Пелагея примостилась на пеньке по соседству, приняла кружку — и едва не обожглась. Обернула краем юбки. До чего горячая!
На белом фарфоре красовался цветной узор из ягод и листьев остролиста. А внутри плескался кофе с молоком. Как выяснилось, любимый кураторский напиток, который хранился в ящиках со льдом, в замороженном состоянии.
Себе Ли Тэ Ри достал вторую порцию и опять принялся греть. На улице неистово завывала вьюга. Ветер, как буйный псих, изолированный в одиночной палате, бился о стены дворца, отчего на высоких хрустальных люстрах звонко дрожали подвески.
— Может, скажете всё-таки, к чему эта спешка? — спросила Пелагея, помешивая ложкой кофе. Шеф ведь до сих пор ей толком не объяснил, почему так взбудоражен, почему рвется отвезти ее к Эсфири.
А он точно в рот воды набрал. Посыпал свой кофе шоколадным порошком, протянул упаковку Пелагее: мол, хочешь?
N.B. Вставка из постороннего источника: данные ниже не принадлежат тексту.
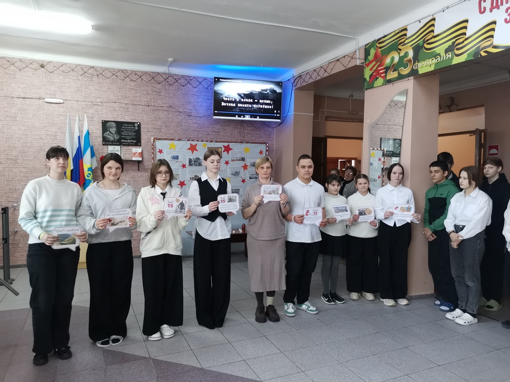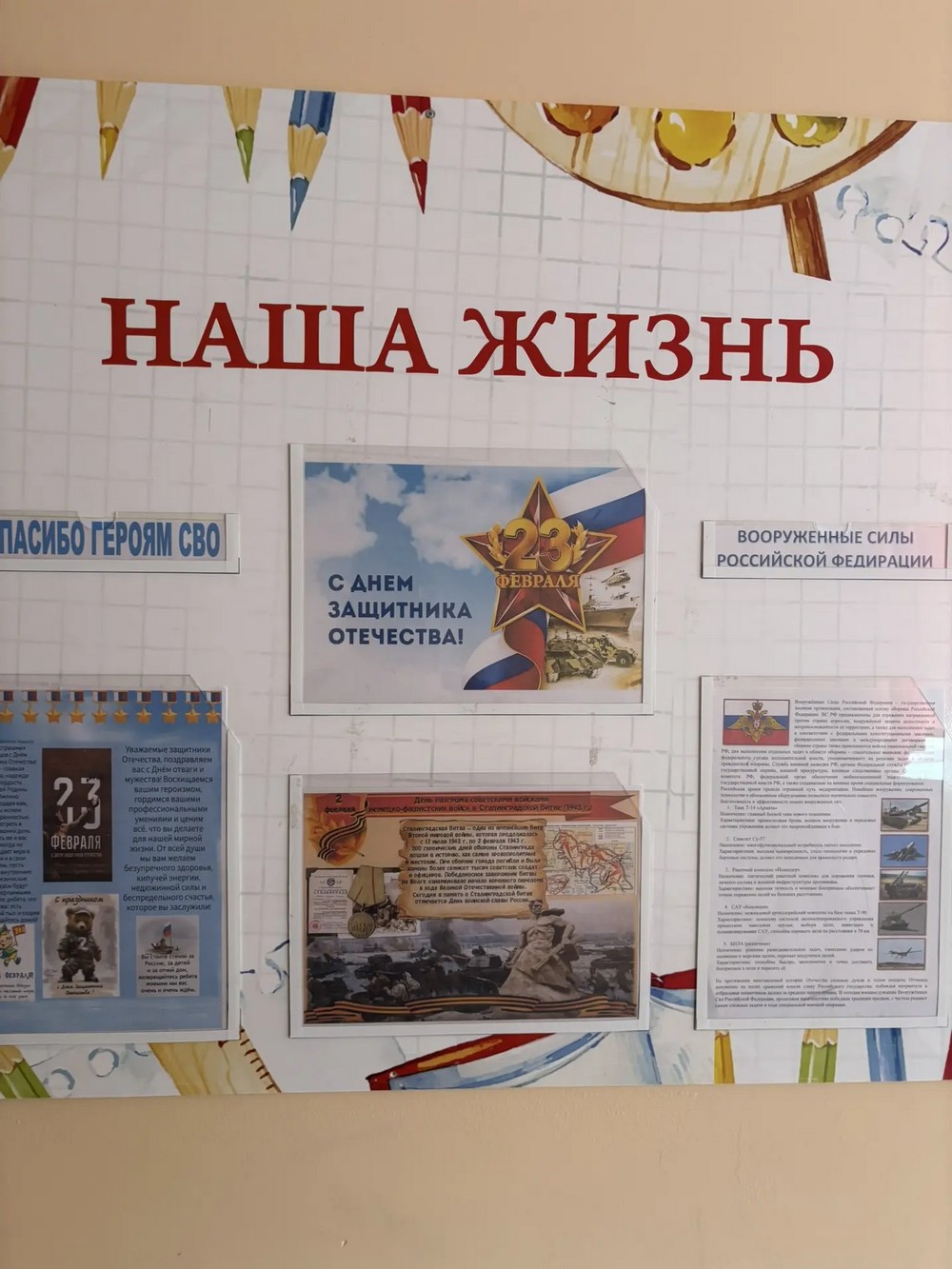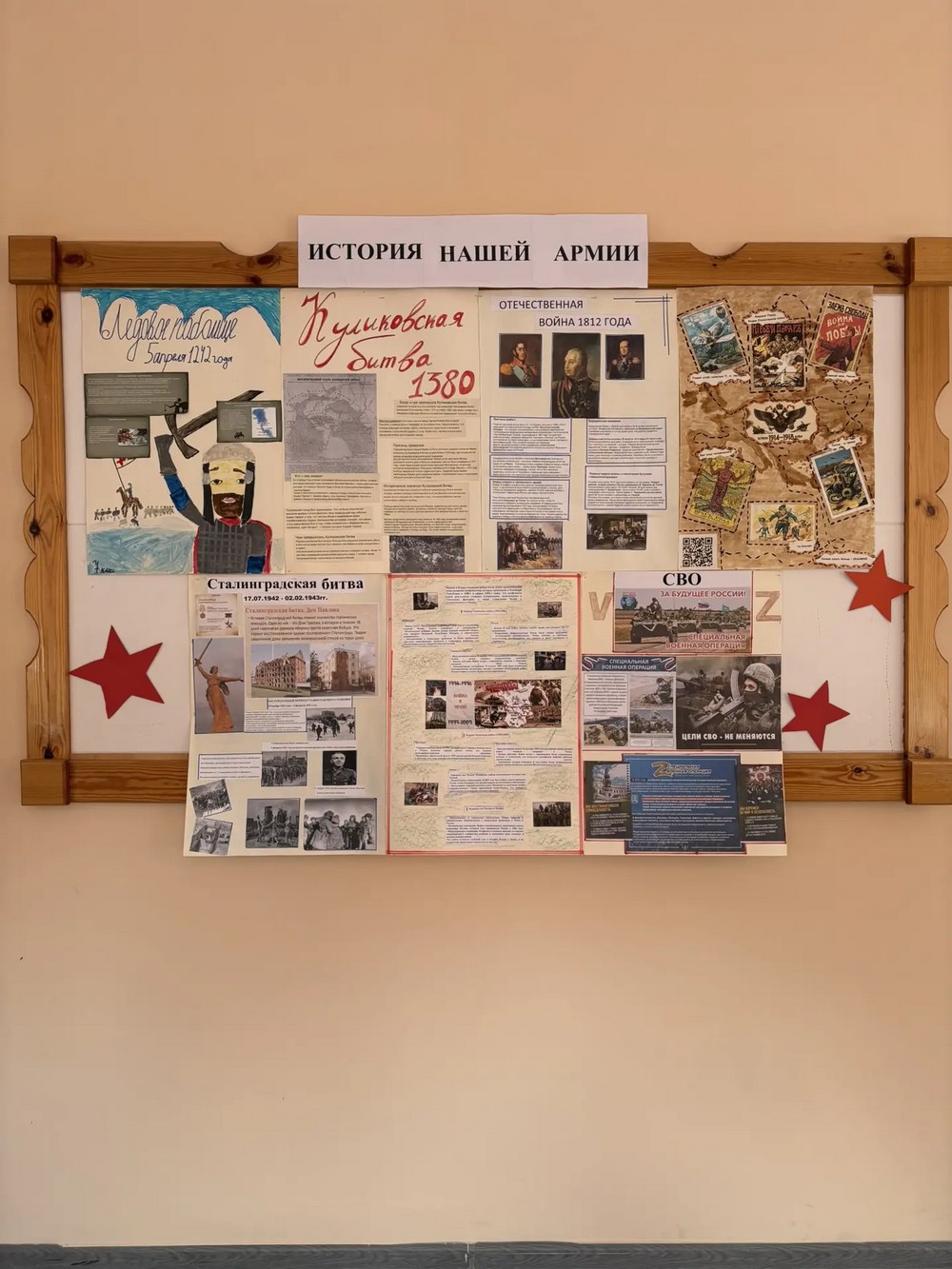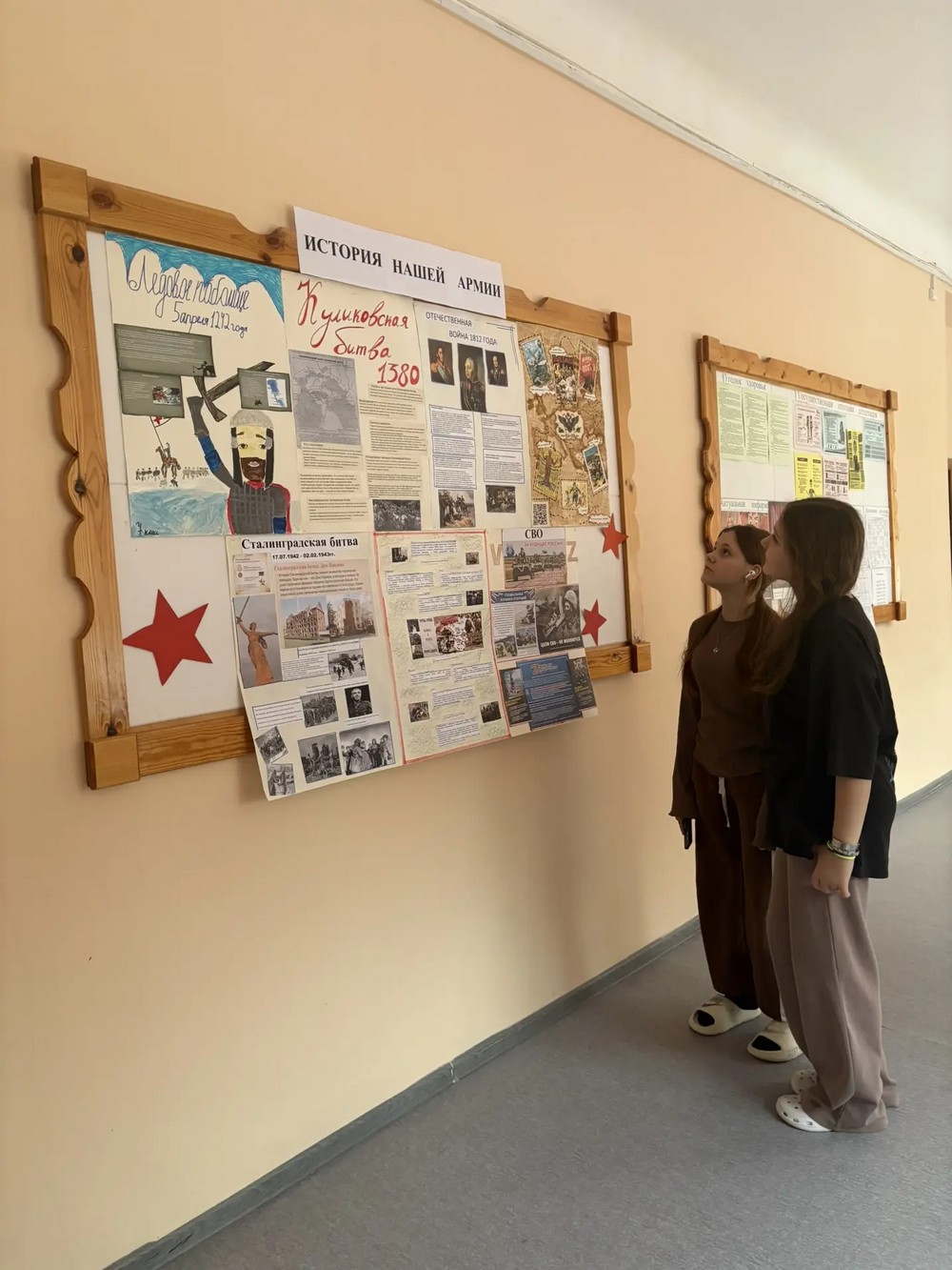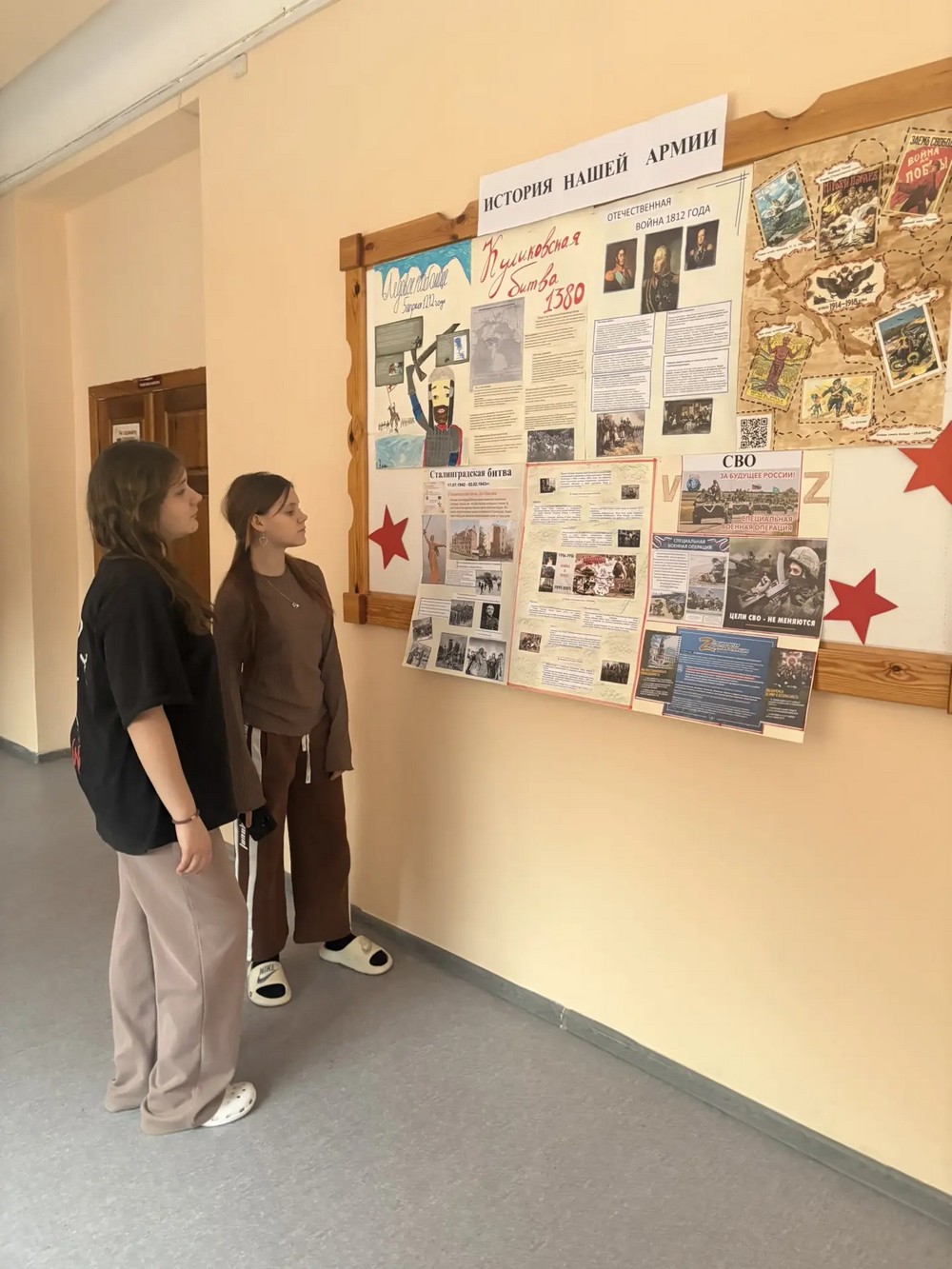 В канун Дня защитника Отечества все классы во главе с классными руководителями подготовили выпуски стенных газет, посвященных ярким страницам истории Российского армии. Каждый класс выбирал событие самостоятельно. Ребята остановились на Ледовом побоище, Куликовской битве, событиях Отечественной войны 1812 года, -Ленинградской битве, Чеченской войне 1999-2009гг. Отдельный выпуск был посвящен специальной военной операции. Газета 10 класса была посвящена фронтовым плакатам. Для тех, кого заинтересовала эта тема, газета предложила воспользоваться QR-кодом для более глубокого изучения этой темы.

Та отрицательно помотала головой.
Куратор тянул с признанием. А надо ли говорить сейчас? Может, пусть она всё узнает, когда будет уже на месте, у Вершителя? К чему лишние переживания? Ведь гораздо легче услышать о смертельной болезни, когда ты без пяти минут здоров, когда у тебя есть все гарантии благополучного исхода.